**Your task:**
From the entries that follow, pick out all lines holding "közben".

**Information supplied:**
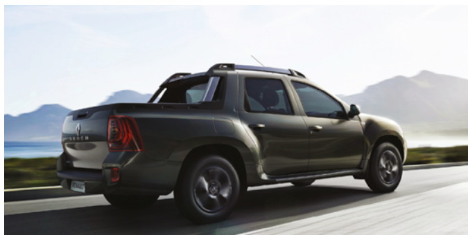
© Renault Marketing 3D – Commerce
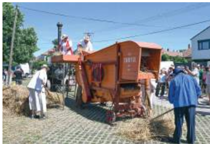
Működés közben mutatták be a százéves, gőzmeghajtású cséplőgépet.

A tarhonyafesztivál csúcshelyezése a főzőverseny, ami idén rekordot döntött a résztvevők száma miatt: huszonkét csapat nevezett be a viadalra. A rendezvényen bemutattak egy 1926-ban gyártott, gőzzel meghajtott cséplőgépet – működés közben.
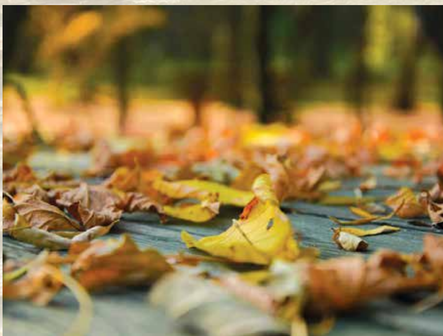
„Есен во Аеродром“ - Алекс Спасов

ПОКРАЈ ФОТОГРАФИЈАТА, ТРЕБА ДА СЕ НАВЕДЕ НАСЛОВОТ, ЛОКАЦИЈАТА И ИМЕТО НА АВТОРОТ.
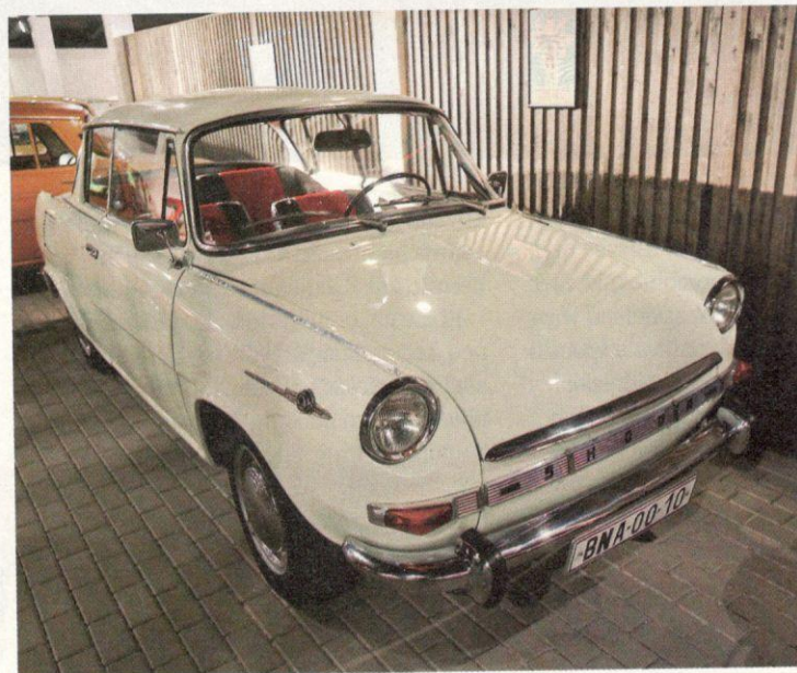
JEDE I TUZEX. Dříve se těmito auty pyšnila honorace. Brzy budou znovu dostupné jen pro movité lidi.
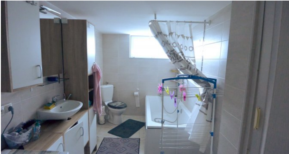
27 Bad mit Wanne und Toilette
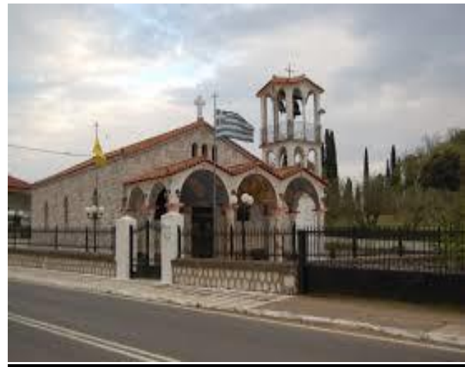
Ιερός Ναός Αγίου Γεωργίου Λιθερού
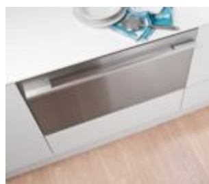
Version Designer (Porte inox sans traces)

Dimensions (en mm) de l'appareil - hors poignée
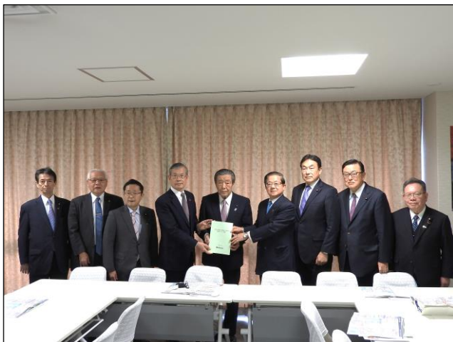
森山自民党幹事長との面談
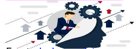
Imagen interna: Es todo lo relacionado con el ser interior.
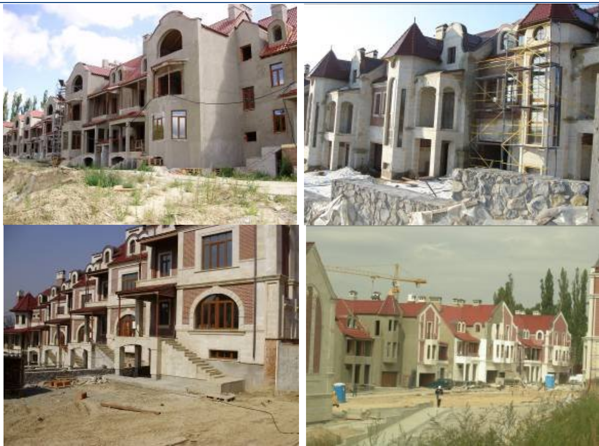
Рисунок Ошибка! Текст указанного стиля в документе отсутствует..1. Будівництво багатофункціонального торговельно-розважального комплексу з сервісними службами та індивідуальною житловою забудовою на вул. Метрологічній, 18 у м. Києві станом на вересень 2009 року, березень, травень та вересень 2010 року
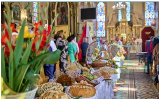
Prezentacja darów ziemi zebranych z pól w powiecie radziejowskim

W niedzielę, 4 września w Osiecinach odbyły się powiatowo-gminno-parafialne dożynki. Święto plonów było okazją, by podziękować rolnikom z powiatu za trud i nieustanny wysiłek związany z pracą na roli. W wydarzeniu uczestniczył starosta radziejowski Jarosław Kołtuniak.
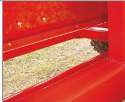
Base del sinfin horizontal totalmente abulonado para facilitar su recambio
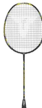
Raquette de badminton ARROWSPEED 199, vue détaillée
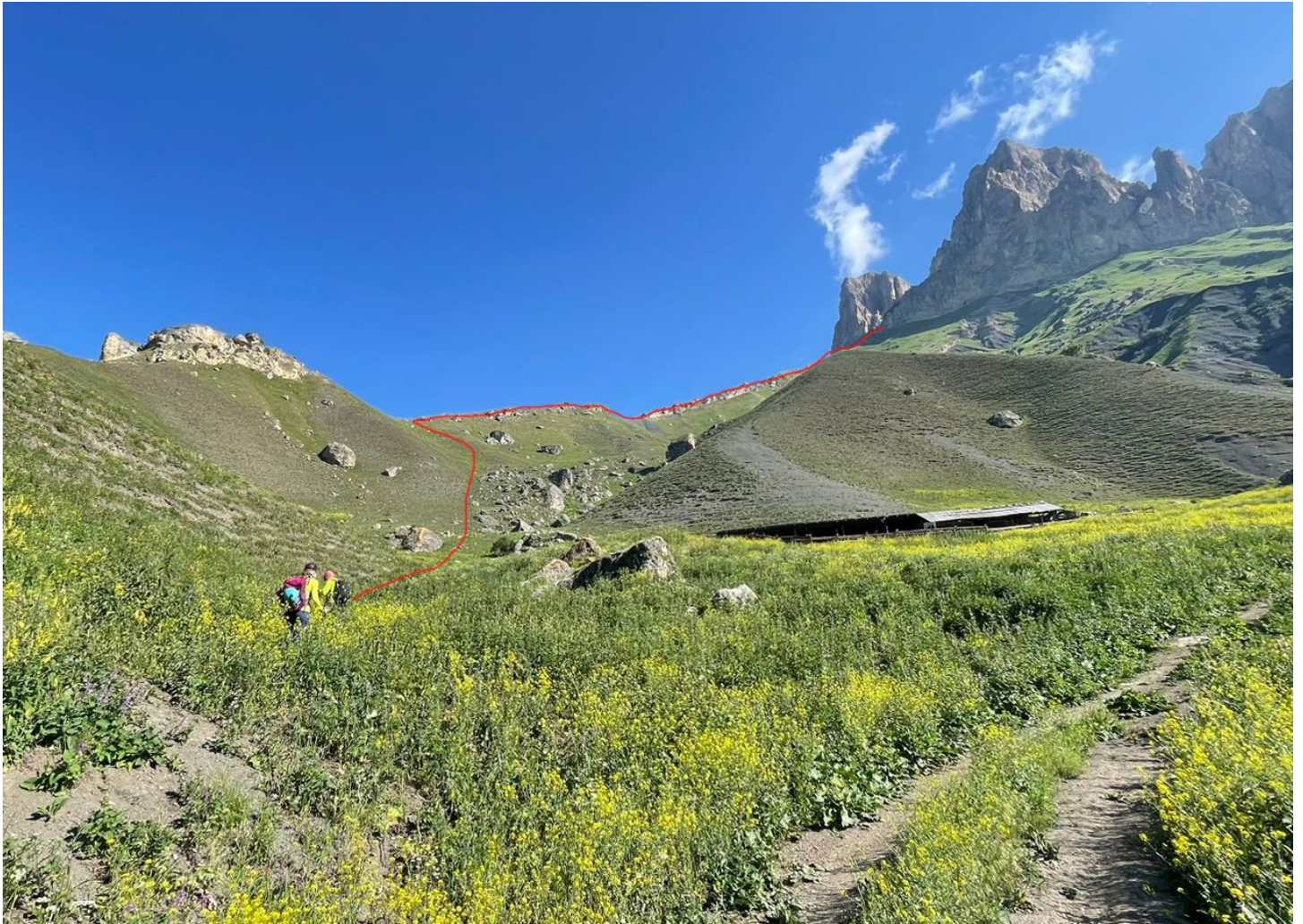
Рис. 2. Путь подхода к маршруту
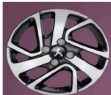
15" kotači THORREN Allure
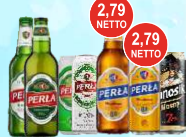
Piwo Perła but. puszka 0,5 L i Janosik mocny 0,5 L puszka

Przy zakupie 5 op. mix 1 op. szklanek Gratis
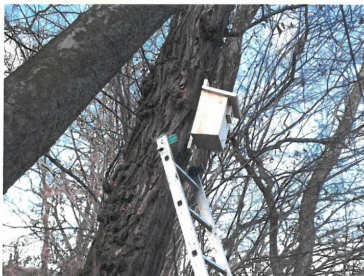
Fot. 9. Budka dla ptaków zawieszona w lokalizacji 3+200 (typ A)

Mentor Consulting sp. z o.o. Środowiskowa sp.k.
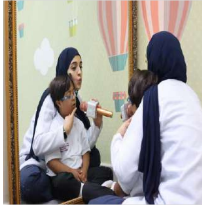
جلسات العلاج الوظيفي
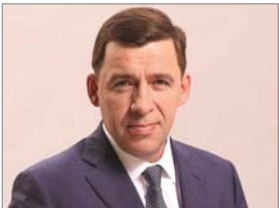
Евгений Владимирович КУЙВАШЕВ, губернатор Свердловской области

Владимир Владимирович ПУТИН, президент России. «Нам нужно создать современную среду для жизни, преобразить наши города и поселки. При этом важно, чтобы они сохранили своё лицо и историческое наследие. Обновление городской среды должно базироваться на широком внедрении передовых технологий и материалов в строительстве, современных архитектурных решений, на использовании цифровых технологий в работе социальных объектов, общественного транспорта, коммунального хозяйства».
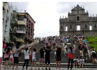
← ↑ 短宣隊佈道
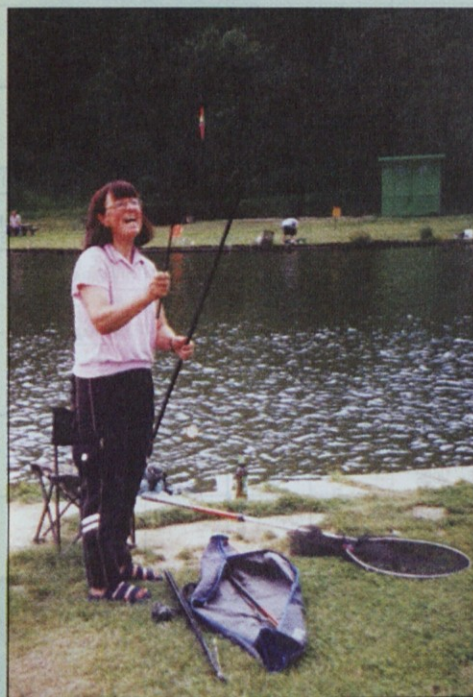
Za ribolov so se tekmovalke in tekmovalci temeljito pripravili, na kar je kazala tudi njihova oprema.
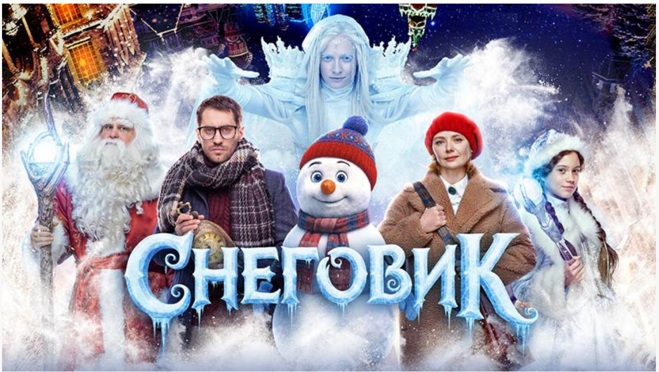
Постер к фильму «Снеговик»
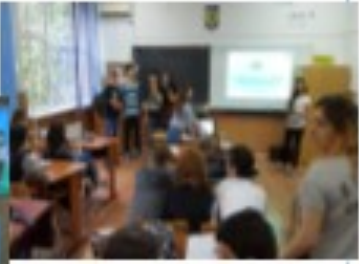
1 decembrie 2018
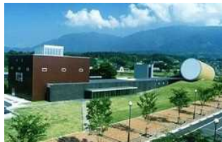
⑩奈義町現代美術館 住所:勝田郡奈義町 豊沢441
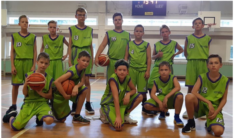
Salacgrīvas jaunie basketbolisti
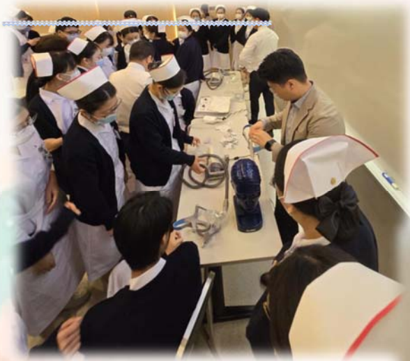
嘉賓講師讓 80 班同學試戴睡眠呼吸機。
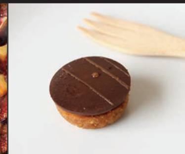
Gourmandise tout chocolat

**Answer section:**
Működés közben mutatták be a százéves, gőzmeghajtású cséplőgépet.
A tarhonyafesztivál csúcshelyezése a főzőverseny, ami idén rekordot döntött a résztvevők száma miatt: huszonkét csapat nevezett be a viadalra. A rendezvényen bemutattak egy 1926-ban gyártott, gőzzel meghajtott cséplőgépet – működés közben.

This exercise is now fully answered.